[Records drawn from a dataset]
_ _ _ _

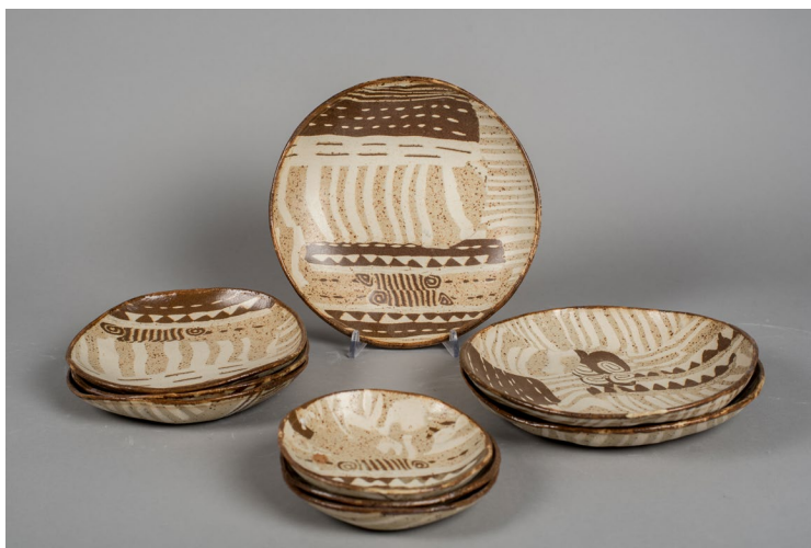
נצה בר | אילום: אילן עמית

מפגש נוסף לזיגוג עבודות בסטודיו פתוח – תאריך יקבע בסדנה Glazing in the open studio – date to be determined
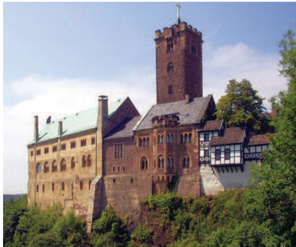
Wartburg várában fordította le Luther Márton az Újszövetséget

1509-ben a wittenbergi egyetemen tanít erkölcsefilozófiát, 1512-ben doktorrá avatják, majd átveszi a teológiai tanszéket. Belső vívódásaitól, kétségeitől továbbra sem szabadul. Legfőbb kérdése: „ Mit cselekedjek, hogy az örök életet elnyerhessem? ” Őt addig arra tanították, hogy a gyónásban megszabadul minden bűnétől, de világosan látta, hogy mennyi önzés és szeretetlenség lakik benne gyónás után is. Vergődéseiben Luther Róm 1, 17 olvasásakor értette meg Isten akaratát: „ Az igaz ember pedig hitből fog élni ”. Vagyis nem mi válunk igazzá Isten előtt érdemeink és jó cselekedeteink alapján, hanem Isten tesz igazzá bennünket az Ő kegyelméből. Ettől kezdve Luther minden tanítását ennek a felfedezésnek az öröme járta át. Ez lesz a továbbiakban a jelszava és azé a reformációé, amit ő indított el. Istennel megbékélve és lelki gyötrelmeitől megszabadulva állt mások szolgálatába. Ekkor még nem nyugtalanította feletteseit az az üzenet, mely nemsokára bombaként robbant a világba.
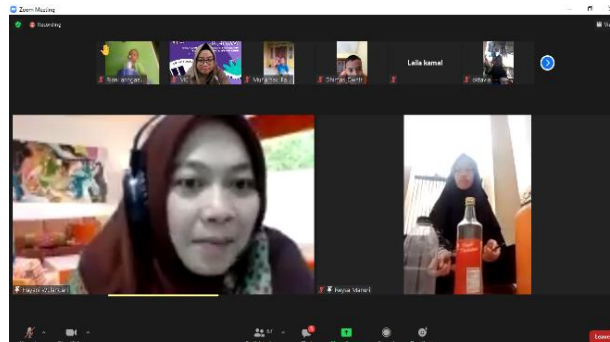
Gambar 5. Siswa Mempraktikkan Lambang Ketukan dari Pemateri

Berdasarkan petunjuk pada Tabel 1 di atas, hal ini dapat menjadi pengetahuan baru dan menambah wawasan siswa. Setelah pemateri menyampaikan lambang ketukan, siswa secara bergantian diminta untuk mempraktikkan ketukan yang diinstruksikan oleh pemateri. Kegiatan tersebut bermanfaat untuk meningkatkan daya ingat dan juga melatih psikomotor siswa, karena pada tahap ini siswa diminta untuk menghafal bentuk tangan pemateri sebagai lambang ketukan kemudian mempraktikkannya dengan cara memukul barang bekas di sekitarnya sesuai dengan lambang ketukan yang telah diingatnya. Kegiatan ini dapat dilihat pada Gambar 5.
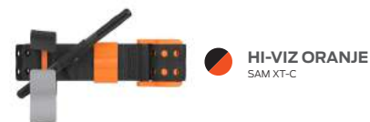
HI-VIZ ORANJE SAM XT-C
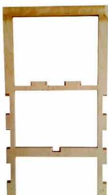
Židle #87 v rozloženém stavu
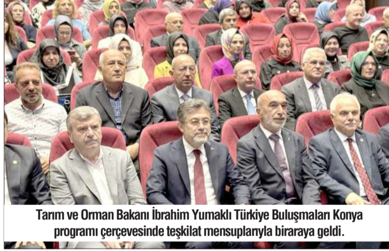
Tarım ve Orman Bakanı İbrahim Yumaklı Türkiye Buluşmaları Konya programı çerçevesinde teşkilat mensuplarıyla biraraya geldi.

"Türkiye'mizin bundan sonraki on yıllarına etki edecek, bundan sonraki nesillerin çok daha iyi üretim yapmasına sebep olacak; verimli, kaliteli, sürdürülebilir tarımsal üretimler için gece gündüz çabalamaya devam ediyoruz. 40 yıldır konuşulan tarımda üretim planlamasını 2024'ün 1 Eylül'ü itibarıyla hayata geçirmiş olduk. 2024 yılı tarımsal ihracat rakamının 35 milyar dolara doğru gittiğini de buradan belirtmek istiyorum. Tarımsal üretim desteklemeleri artık 3 yılına ve üretim sezonu başlamadan
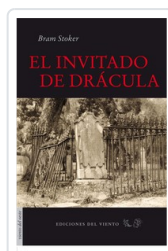
INVITADO DE DRACULA STOKER, BRAM
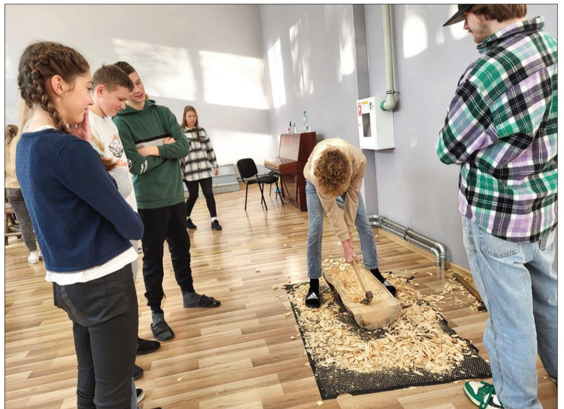
Skolēniem pašiem darboties ar dažādiem instrumentiem, apstrādājot koku, – bija aizraujoši.

5. un 6. klases bērni Bauskas pils muzejpedagoģiskā nodarbībā "Vecā naudas maka stāsts", darbojoties lomu spēlēs, izziņāja naudas maiņas procesu, kas
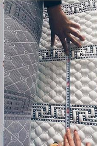
vérification de la conception
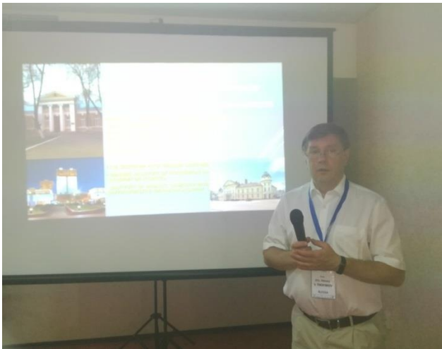
Проф. Алексей Трофимов от Руската академия на науките с ключова лекция в направление „Синтетични аналози на природни био-антиоксиданти“
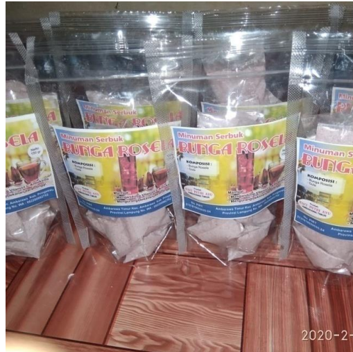
Gambar 3. Kemasan teh bunga rosela sudah menjadi serbuk
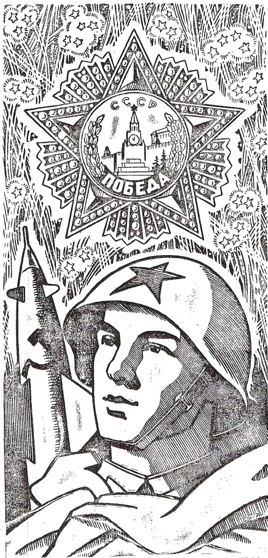
Рисунок С. Григорьева.

По итогам смотра на лучшую постановку работы в области изобретательства, рационализации и патентного дела среди родственных предприятий нашей отрасли коллективу Объединенного института ядерных исследований присуждено призовое третье место.

_ _ _ _

▸ **TASK REQUIREMENTS**
What should be set down is every line from the opening of the records through the line that contains "Wartburg várában fordította", exactly, with pictures left out.

▸ **RESPONSE TO THE EXERCISE**
נצה בר | אילום: אילן עמית

מפגש נוסף לזיגוג עבודות בסטודיו פתוח – תאריך יקבע בסדנה Glazing in the open studio – date to be determined
Wartburg várában fordította le Luther Márton az Újszövetséget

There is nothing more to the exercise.